We first generate a random matrix with noise obscuring the planted submatrix using the function plantedsubmatrix
. and then call the function densub
to recover the planted submatrix.
# Initialize problem size and densities
# You can play around with these parameters
M=100 #number of rows of sampled matrix
N=200 #number of columns of sampled matrix
m=50 #number of rows of dense submatrix
n=40 #number of columns of dense submatrix
p=0.25 # noise density
q=0.85 #in-group density
#Make binary matrix with mn-submatrix
random<-plantedsubmatrix(M=M, N=N,m=m,n=n,p=p,q=q)
After generating the structure random
containing the random matrix with desired planted structure, we can visually represent the matrix and planted submatrix as two-tone images, where dark pixels correspond to nonzero entries, and light pixels correspond to zero entries, using the following commands.
# Plot sampled G and matrix representations.
image(random$sampled_matrix, useRaster=TRUE, axes=FALSE, main = "Matrix A")
image(random$dense_submatrix, useRaster=TRUE, axes=FALSE, main = "Matrix X0")
image(random$disagreements, useRaster=TRUE, axes=FALSE, main = "Matrix Y0")
Tne vizualization of the randomly generated matrix \(\mathbf{A}\) helps us to understand its structure. It is clear that \(\mathbf{A}\) contains a dense \(50 \times 40\) block (in the bottom left corner).
We can remove all noise and isolate an image of a rank-one matrix \(\mathbf{X0}\) with \(mn\) nonzero entries.
Then we vizualize matrix \(\mathbf{Y0}\) to see the number of disagreements between original matrix \(\mathbf{A}\) and \(\mathbf{X0}\).
We call the ADMM solver and visualize the output using the following commands.
#Call ADMM solver
admm<-densub(G=random$sampled_matrix, m=m, n=n, tau = 0.35, gamma = 6/(sqrt(m*n)*(q-p)), opt_tol = 1.0e-4,maxiter=500, quiet = TRUE)
#Plot results
image(admm$X, useRaster=TRUE, axes=FALSE, main = "Matrix X")
image(admm$Y, useRaster=TRUE, axes=FALSE, main = "Matrix Y")
The ADMM solver returns the optimal solutions \(\mathbf{X}\) and \(\mathbf{Y}\). It must be noted that matrices \(\mathbf X\) and \(\mathbf Y\) are identical to the actual structures of \(\mathbf{X_0}\) and \(\mathbf{Y_0}\). The planted submatrix is recovered.

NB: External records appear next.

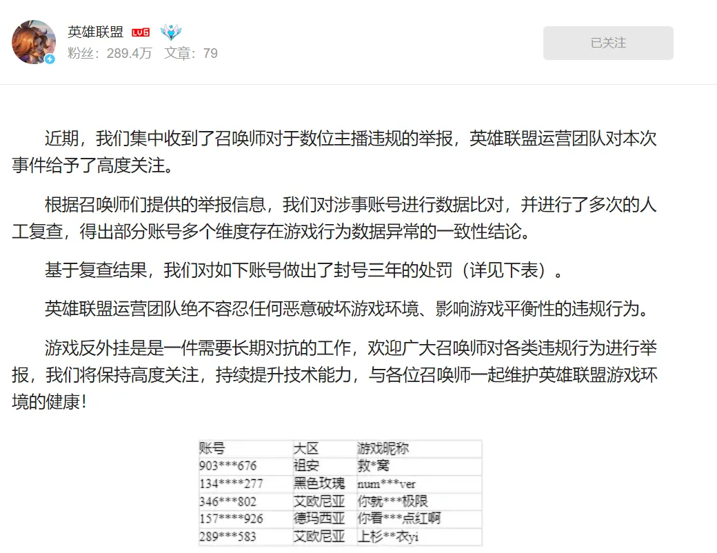 就在昨晚深夜时分,B站的豪杰同盟官方忽然发布了一则动态文章,实锤了B站着名U主厄风琉斯,黑洞king开挂。官方的公告内容,节选如下:根据召唤师们提供的举报信息,我们对涉事账号举行数据比对,并举行了多次的人工复查,得出部门账号多个维度存在游戏举动数据非常的划一性结论。基于复查效果,我们对如下账号做出了封号三年的处罚。豪杰同盟运营团队绝不容忍任何恶意粉碎游戏环境、影响游戏均衡性的违规举动。 被官方点名封禁的五个账号,有网友发现前面两个账号是厄风琉斯的,背面三个是黑洞king的。由于背面有个账号名字特别好记,黑洞KING的一波高光操纵,就是用这个账号,诺手在残血的环境下拿下了五杀。其时这一波也属于是名局面,只管赛后复盘,大量玩家都表现这一波操纵“不可思议,惊为天人。”大概其时间直播看到这波操纵的玩家,视觉震撼会更大。 统统都灰尘落定,统统的表明大话都是徒劳的。说了一句谎言,后续要用更多的大话去欲盖弥彰,用更多的大话去表明前一句大话。此次闹得沸沸扬扬的开挂变乱,很多圈内人着实一开始就指出,其时间两位的高光操纵给人感觉就是开了,就算是用前职业选手的视觉另有游戏明白去解读,那些高光操纵根本打不出来。 这里为官方的这波操纵点赞,在一个公平公开的竞技游戏内里开挂,简直是无法包涵的举动。如许的不负责举动,除了玷污游戏环境以外,还会给同一局的玩家带来非常欠好的游戏体验,一旦开挂举动得不到及时处置惩罚,乃至成为一种”风气“的时间,游戏的口碑也会遭遇断崖式的下滑。官方还指出这次公开的五个账号,只是第一批查处的效果,大概后续还会有更多的违规账号被曝光,等候后续。以上就是本篇豪杰同盟文章的全部内容,感谢阅读。 |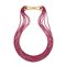 a sei fili di rubini taglio briolette a scalare dal centro, con chiusura di forma geometrica impreziosita da rubini taglio ovale cabochon per totale ct 4,00 circa.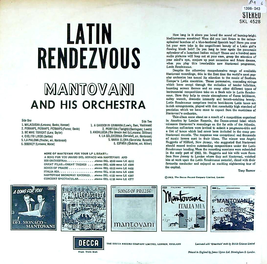 商品コード:1396-043[DECCA] マントヴァーニ/ ラテン・ランデヴー/マントヴァーニ・ラテン音楽選集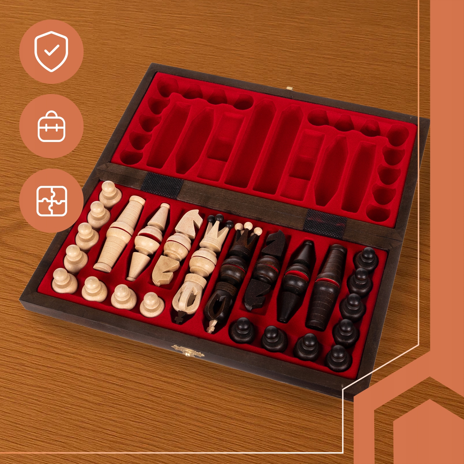 Набір містить флоковані вставки, які ідеально підходять для кожної фігурки та пішака. Завдяки їм елементи гри не зміщуються під час транспортування, що запобігає їх пошкодженню. Це практичне та елегантне рішення, завдяки якому шахи залишаються акуратними та довговічними.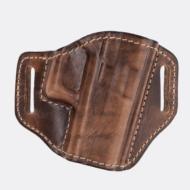 Crafted from premium leather, the Model 57 Remedy concealed weapon holster offers an open-top design for semi-automatics and small frame revolvers—and provides quick and easy access to the gun. This model features deep contour molding on the front of the holster for improved comfort and to reveal the shape of the handgun it secures. Designed for hip or rear hip carry, the Model 57 is a leather belt holster of timeless style and quality.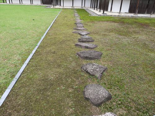 月波楼の入口を西側から。手前の道は中門や御輿寄に続く |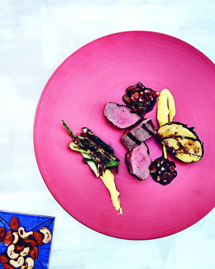 Den Rehrücken mit Lauchzwiebeln, Joghurtschmand und Kartoffeln anrichten.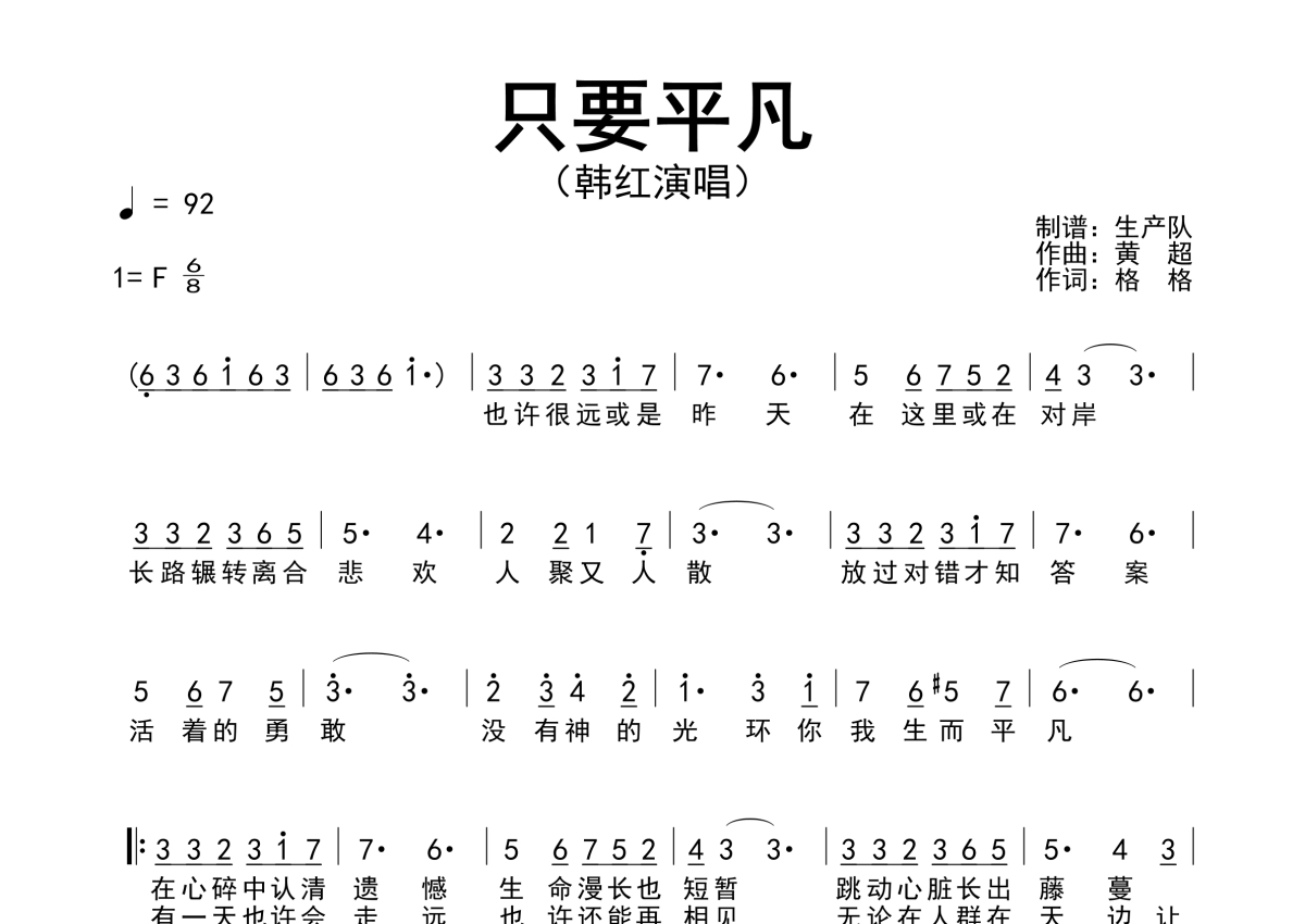 曲谱介绍: 韩红《只要平凡》简谱,生产队编配出品,共有1张高清图谱,免翻页排版设计。

The following is a simple example on how one could use the package to analyze the collaboration network found in the JAZZ dataset. It is known that this network contains a cluster of \(100\) musicians which performed together.

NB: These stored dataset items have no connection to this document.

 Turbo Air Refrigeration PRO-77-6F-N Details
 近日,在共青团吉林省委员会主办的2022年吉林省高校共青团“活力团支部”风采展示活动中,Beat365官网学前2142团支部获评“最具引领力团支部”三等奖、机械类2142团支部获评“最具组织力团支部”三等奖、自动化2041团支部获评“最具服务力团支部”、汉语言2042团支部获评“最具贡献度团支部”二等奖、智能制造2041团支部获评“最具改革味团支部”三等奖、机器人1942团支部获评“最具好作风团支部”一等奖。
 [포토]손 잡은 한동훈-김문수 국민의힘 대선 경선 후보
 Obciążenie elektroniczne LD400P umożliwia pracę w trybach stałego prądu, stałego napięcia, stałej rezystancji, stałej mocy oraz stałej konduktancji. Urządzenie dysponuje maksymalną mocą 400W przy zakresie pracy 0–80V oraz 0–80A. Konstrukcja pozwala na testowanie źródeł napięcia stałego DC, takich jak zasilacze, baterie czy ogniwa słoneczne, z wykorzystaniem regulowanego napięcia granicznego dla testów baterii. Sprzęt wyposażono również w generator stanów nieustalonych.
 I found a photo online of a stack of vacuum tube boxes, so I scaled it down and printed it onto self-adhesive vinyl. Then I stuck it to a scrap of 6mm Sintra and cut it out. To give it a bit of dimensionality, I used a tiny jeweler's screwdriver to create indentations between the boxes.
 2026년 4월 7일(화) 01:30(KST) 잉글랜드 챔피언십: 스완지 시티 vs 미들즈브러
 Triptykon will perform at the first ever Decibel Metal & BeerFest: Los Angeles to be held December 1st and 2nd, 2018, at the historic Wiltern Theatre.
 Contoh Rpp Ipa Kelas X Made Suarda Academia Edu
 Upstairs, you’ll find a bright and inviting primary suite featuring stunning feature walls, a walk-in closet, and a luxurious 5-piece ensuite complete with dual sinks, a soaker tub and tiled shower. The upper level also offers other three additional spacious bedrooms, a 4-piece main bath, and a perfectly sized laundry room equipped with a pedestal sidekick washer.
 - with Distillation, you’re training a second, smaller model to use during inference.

We have already prepared dataset to work with. More details can be found in the provided file JAZZ_IN_R.R.
#Load dataset
load(file="JAZZ.RData")
#Initialize problem size and densities
G=new #define matrix G equivalent to JAZZ dataset
m=100 #clique size or the number of rows of the dense submatrix
n=100 #clique size of the number of columns of the dense sumbatrix
tau=0.85 #regularization parameter
opt_tol=1.0e-2 #optimal tolerance
verbose=1
maxiter=2000 #number of iterations
gamma=8/n #regularization parameter
#call ADMM solver
admm <- densub(G = G, m = m, n = n, tau = tau, gamma = gamma, opt_tol = opt_tol, maxiter=maxiter, quiet = TRUE)
# Planted solution X0.
X0=matrix(0L, nrow=198, ncol=198) #construct rank-one matrix X0
X0[1:100,1:100]=matrix(1L, nrow=100, ncol=100)#define dense block
# Planted solution Y0.
Y0=matrix(0L, nrow=198, ncol=198) #construct matrix for counting disagreements between G and X0
Y0[1:100,1:100]=matrix(1L,nrow=100,ncol=1000)-G[1:100,1:100]
#Check primal and dual residuals.
C=admm$X-X0
a=norm(C, "F") #Frobenius norm of matrix C
b=norm(X0,"F") #Frobenius norm of matrix X0
recovery = matrix(0L,nrow=1, ncol=1)#create recovery matrix
if (a/b^2<opt_tol){
recovery=recovery+1
} else {
recovery=0 #Recovery condition
}
Our algorithm converges to the dense submatrix representing the community of \(100\) musicians after \(50\) iterations.